Everything you need to know about BlackBerry Enterprise Server 10

BlackBerry Enterprise Server (BES) 10.1.1 is Research In Motion’s BlackBerry’s latest version of their enterprise software that provides a single solution for managing and securing BlackBerry PlayBook, BlackBerry 10, iOS, and Android mobile devices.

If you still have older BlackBerry devices running BlackBerry OS seven (7) or older, you will still need to keep and maintain a separate infrastructure of servers as the new BES 10 is only for the devices mentioned above.

BES 10.1.1 is not perfect, and it seems to be a little more complicated to setup than it should be, but it does appear to do what it says it will.  Lets take a look.

Architecture

BES 10.1.1 (or as we’ll call it from now onwards, BES10) is actually three servers in one package, designed to all be installed on one physical (or virtual) server, or setup on separate servers if desired.

There is the BlackBerry Device Service (BDS) that only supports BlackBerry PlayBook and BB10 devices, the Universal Device Service that only supports iOS and Android devices, and the BlackBerry Management Studio, which provides a limited unified management console to both services.
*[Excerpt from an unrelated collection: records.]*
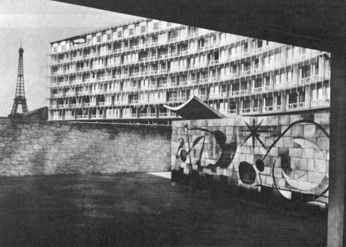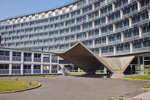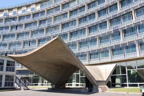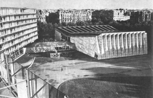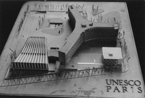パリのユネスコ本部ビルは、建築家マルセル・ブロイヤー(ハンガリー)、バーナード・ゼアフュス(アメリカ)、ピエール・ルイジ・ネルヴィ (イタリア)(後者は構造エンジニア)によって、1950年代の建築様式で設計された。 このプロジェクトには、ピエール・ルイージの息子アントニオ・ネルヴィとフィンランドの建築家イーロン・サーリネンも参加した。
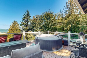 Luxurious water view home surrounded by wildlife and a private hot tub provides amenities, such as a garden and a hot tub.
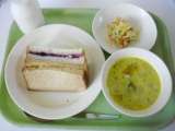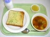 4日(水)の主食は、人気メニューの一つ「ガーリックトースト」でした。 各クラスに...

In fact in addition to the BlackBerry Management Studio, there are also separate web consoles for the BDS and UDS which means that there are actually three management consoles, or two IT console, and one “helpdesk” console.

Through intense port juggling, BlackBerry has managed to allow all of these services to run on one server so if you want to, you can run BES10 on one server.

In the old BES5 days, all BES5 servers connected to a single SQL database that provided a central storage repository for users, servers, and configurations.  This is known as the BES5 Domain. In fact if you want to learn more about BES5 and how it works, see my previous article on CrackBerry titled “BlackBerry Enterprise Server – What Is It?”.

BES5 also used a proprietary protocol and methodology to synchronize email, contacts, and calendar between your mail server and your BlackBerry.

BES10 does not share that BES5 configuration database and therefore cannot be in the same BlackBerry Domain as BES5 servers. When installing BES10, two new databases are created to support the BDS and UDS services. While you can use the same physical SQL server, these are new and separate databases.

BES10 does not use a proprietary protocol to synchronize email, contacts, and calendar, but rather it acts as a Proxy for the ActiveSync protocol that is built into Microsoft Exchange, and provided by gateways like Lotus Traveler if you are using Lotus Domino/Notes. ActiveSync is designed for mobile device synchronization and is not a burden on Exchange like the old BES5 synchronization process was.

BES10 offers two methods of connecting and managing iOS and Android devices.  The first uses the “classic” Mobile Device Management (MDM) approach that provides IT with complete control over the mobile device, much like BES5 did in the past. The application of IT Policies however is limited to the platform they are being applied to.  iOS is far more enterprise friendly as it allows many ways of controlling, restricting, and configuring iPhones and iPads via an MDM solution (like BES10), while Android provides extremely limited control as can be see in the chart below.

The second uses a secure container on the mobile device to provide a unified application of IT Policies across iOS and Android, plus the extra protection of work data in the event of a hacked device. This type of device security is also known as Dual Persona because the device has two personalities, one for personal and one for work.  In essence a container is an app that runs on the mobile device and provides what appear to be separate apps for mail, contacts, and calendar, but are really “mini-apps” that are part of the main app.  The app can secure its own data store of course, which is how it provides a secure container for work data.

For BlackBerry PlayBook and BB10 devices managed via the BDS, a hybrid between full device control and a container are implemented to create BlackBerry Balance.

BlackBerry Balance keeps work and personal data separate on the device, however it does so at the file system level. This means that the user continues to use the same apps for both personal and work data.

BES 10 Setup on iOS and Android Mobile Devices

To setup BES 10 on your iOS or Android device you must first install the BES10 Client app that you can find in the iTunes App Store or the Google Play Store.

If you are using Android, you must also install the Touchdown app by NitroDesk. I used Touchdown HD because I was using a Google Nexus 10 tablet. You need Touchdown because Android does not provide a way to remotely pre-configure Exchange email, nor does it provide a secure email client.  Touchdown provides both of these and BES10 supports it.

When you launch the client you start by entering a secure URL to bbsecure.com plus your BES 10’s SRP ID. Depending on where in the world you live, you will use a geographic specific URL.  Since I’m in the US I used us.bbsecure.com.

Next you are prompted to accept the certificate that will secure the communications between your device and BES 10.

Next you are asked to provide your Active Directory user name and password.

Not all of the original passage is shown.